I decided to look at plugin support. Flash/Flex is there as you might expect (what with having to support YouTube and all!) but, very surprisingly, Java was absent. I managed to find some pages with applets on by going to the Sun website (what a blast from the past!) and got a message saying "No plug-in available to display this content". Here's one of the pages I tried, see what you get.

At first I was a little staggered. Could the status of Java applets have fallen so low that Google weren't even going to bother supporting Java in the browser? (And see here for what I found out about current antipathy to Java in the browser.) Well yes it could, I suppose. Maybe Google have simply concluded that Java in the browser has had its day.

I expect though that the explanation is simpler: Chrome is a beta after all, and there's no compelling need for Google to support applets from day one in the same way that YouTube makes it necessary for them to support Flash. Also maybe something technical about the way the JRE integrates with the browser makes it harder to support than Flash? Maybe. But Safari 3.1.2 (as kindly downloaded for me by iTunes when I wasn't paying attention during a product update) seems to have managed it without any problem. Hmm, this smells kinda bad, kinda fishy...

Of course, Google have got a JVM of their own though, haven't they? Maybe instead of incorporating the Sun product, they'll simply port Dalvik to run inside Chrome? That would unify two of their platforms very nicely indeed, thank you. Android games running in Chrome tabs? I'll have some of that!

If I were Google though, I keep it very quiet if that was indeed my plan, since it would undoubtedly cause a massive outcry (assuming anyone still cares, which is moot, but I bet a lot of people who didn't really care would still enjoy complaining for its own sake). In fact, the best way to do it might be to release Chrome without any Java support at all, and wait for annoyed voices to demand it, and then say something like "Well licensing restrictions mean we can't support yer actual Sun Java in Chrome, but we got something 'ere that's just as good, honest guv'nor."

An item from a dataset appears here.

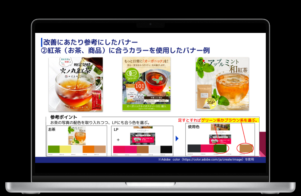 職業訓練の課題として作成。オフィス設置型の紅茶・ハーブティー提供サービスの広告バナーを使って、数値の分析に基づく改善提案を作成しました。(実際にバナーは使用しておりません)

Update: OK, panic over, Chrome does support Java! You just have to have the absolute latest, bleeding edge development release, version 6 update 10. If you click on the toolbar menu and then on the Help submenu it'll take you to a page where you can search for Java support, and that'll take you to a page where they explain what's going on. Or just take my word for it and go to http://java.sun.com/javase/downloads/ea.jsp and download and install Java SE 6 Update 10. Phew!

Still think Android apps in Chrome would be a great idea though.

Google Chrome. OH. MY. GOD.

Apologies for the quality of this post. There's so much to say and my thought processes are just running all over the place as various connections are being made. I've just read about Google's new Chrome web browser tonight, it's all over the web.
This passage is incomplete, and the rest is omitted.